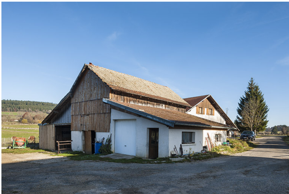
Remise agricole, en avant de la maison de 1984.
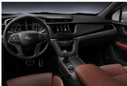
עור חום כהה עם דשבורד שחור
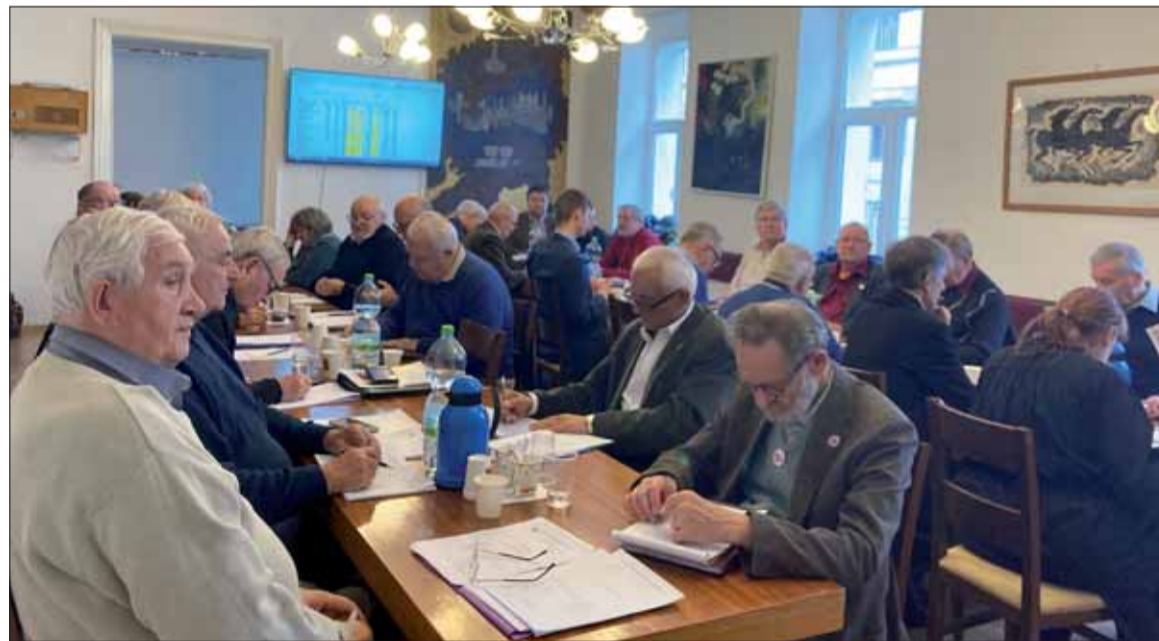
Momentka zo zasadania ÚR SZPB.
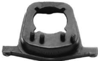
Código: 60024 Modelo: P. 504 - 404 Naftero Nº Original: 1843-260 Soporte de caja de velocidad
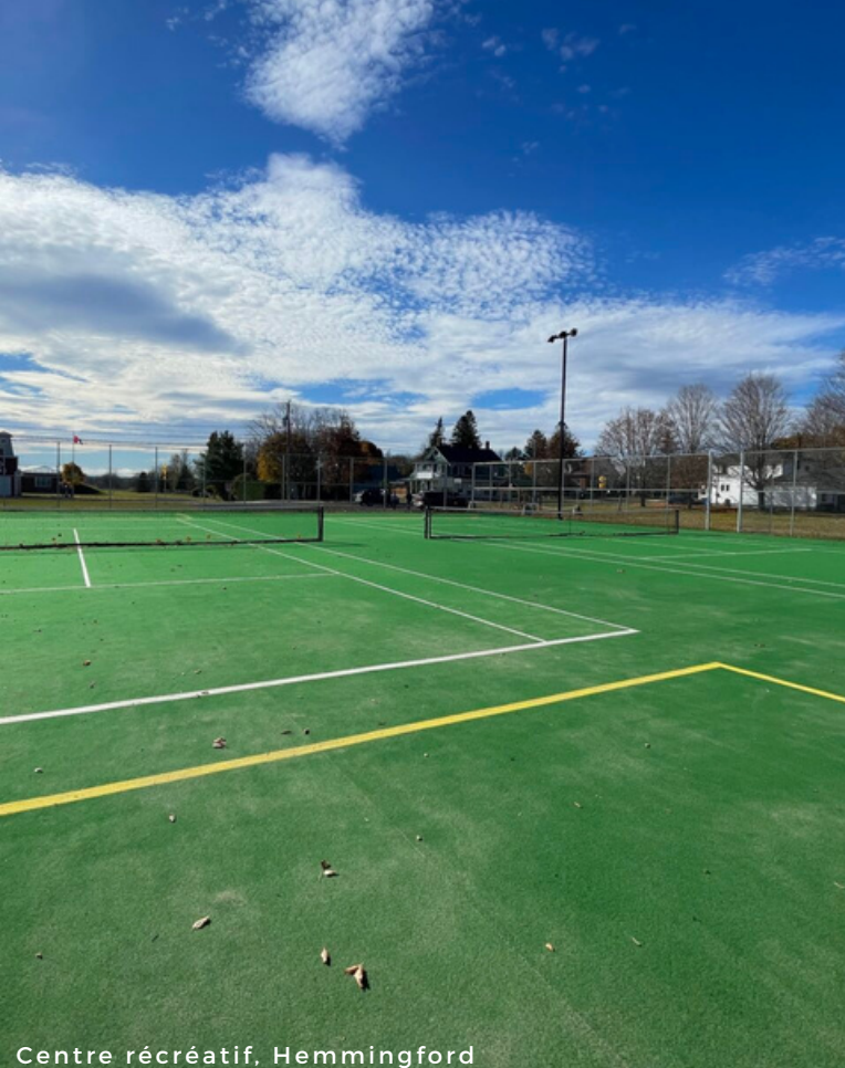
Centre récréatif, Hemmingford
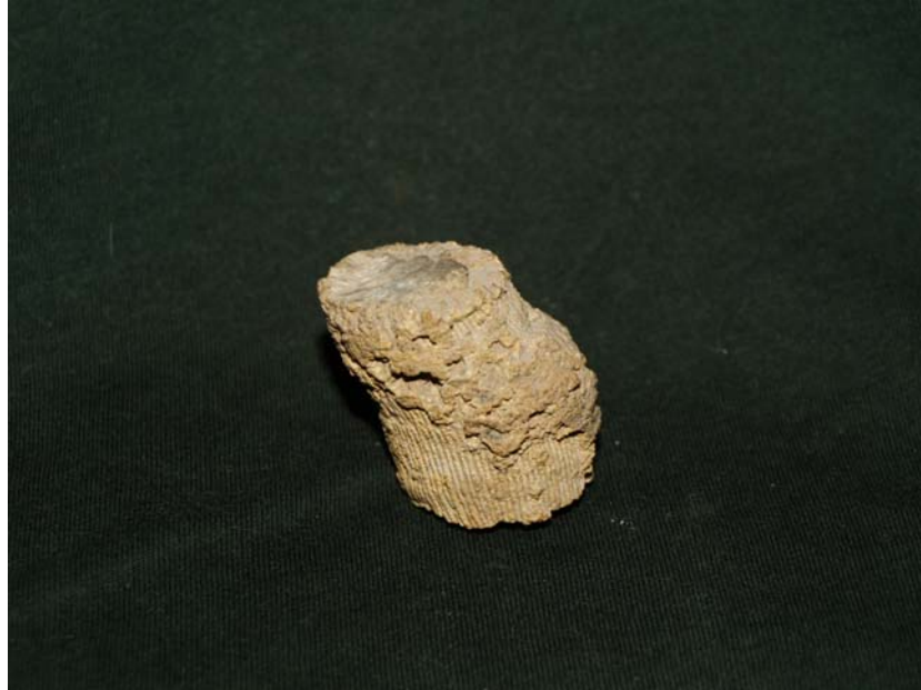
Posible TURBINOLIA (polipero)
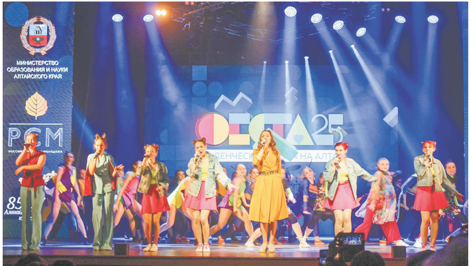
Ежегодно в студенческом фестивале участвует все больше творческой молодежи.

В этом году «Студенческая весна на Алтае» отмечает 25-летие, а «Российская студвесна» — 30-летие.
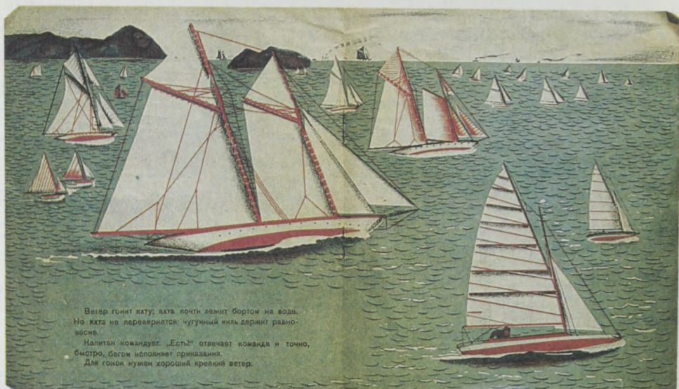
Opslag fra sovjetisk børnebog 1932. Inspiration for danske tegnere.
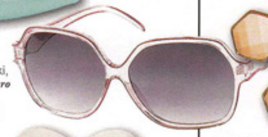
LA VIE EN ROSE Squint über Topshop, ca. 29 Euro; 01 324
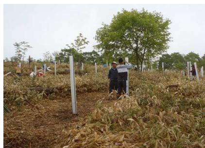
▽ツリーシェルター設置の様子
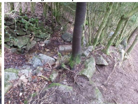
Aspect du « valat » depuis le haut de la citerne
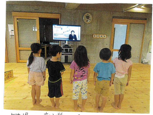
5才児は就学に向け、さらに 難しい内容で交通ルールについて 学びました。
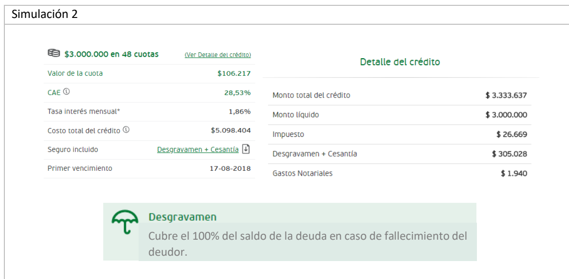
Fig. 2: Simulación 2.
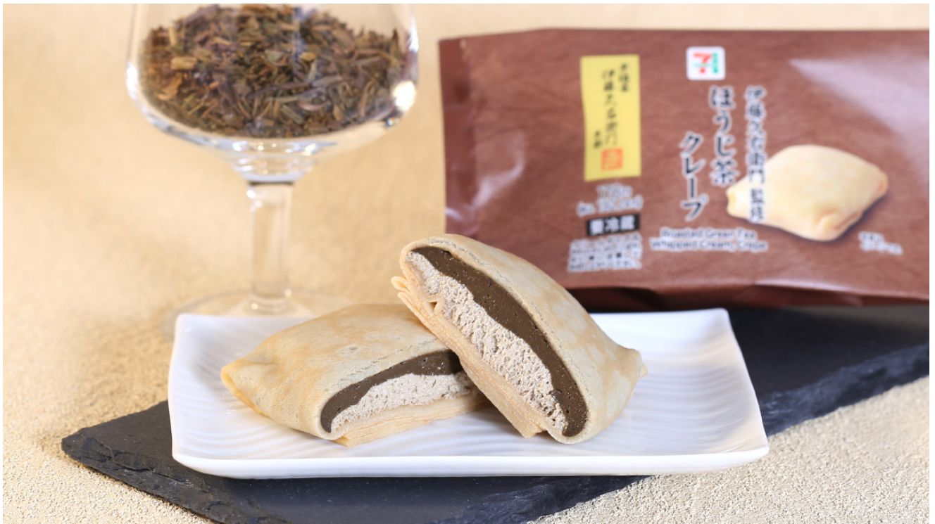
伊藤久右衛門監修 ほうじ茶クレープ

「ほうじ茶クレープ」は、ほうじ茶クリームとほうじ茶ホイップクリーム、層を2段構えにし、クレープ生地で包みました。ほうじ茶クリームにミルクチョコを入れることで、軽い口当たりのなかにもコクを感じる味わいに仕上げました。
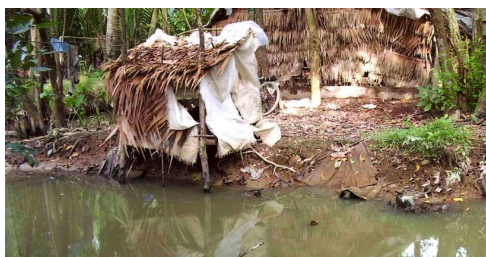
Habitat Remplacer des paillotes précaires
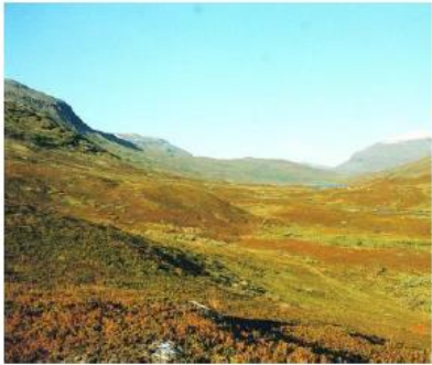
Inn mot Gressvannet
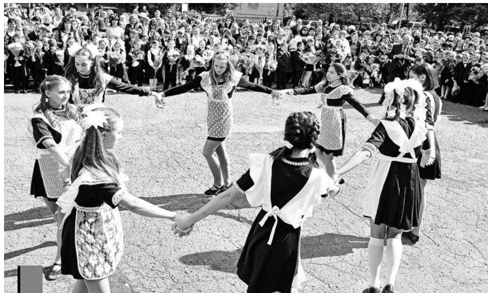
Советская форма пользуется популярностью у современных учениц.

• [Exercise brief] Among the lines above, which contain the word "ほうじ茶クレープ"? Copy every one.

• [Answer space]
伊藤久右衛門監修 ほうじ茶クレープ
「ほうじ茶クレープ」は、ほうじ茶クリームとほうじ茶ホイップクリーム、層を2段構えにし、クレープ生地で包みました。ほうじ茶クリームにミルクチョコを入れることで、軽い口当たりのなかにもコクを感じる味わいに仕上げました。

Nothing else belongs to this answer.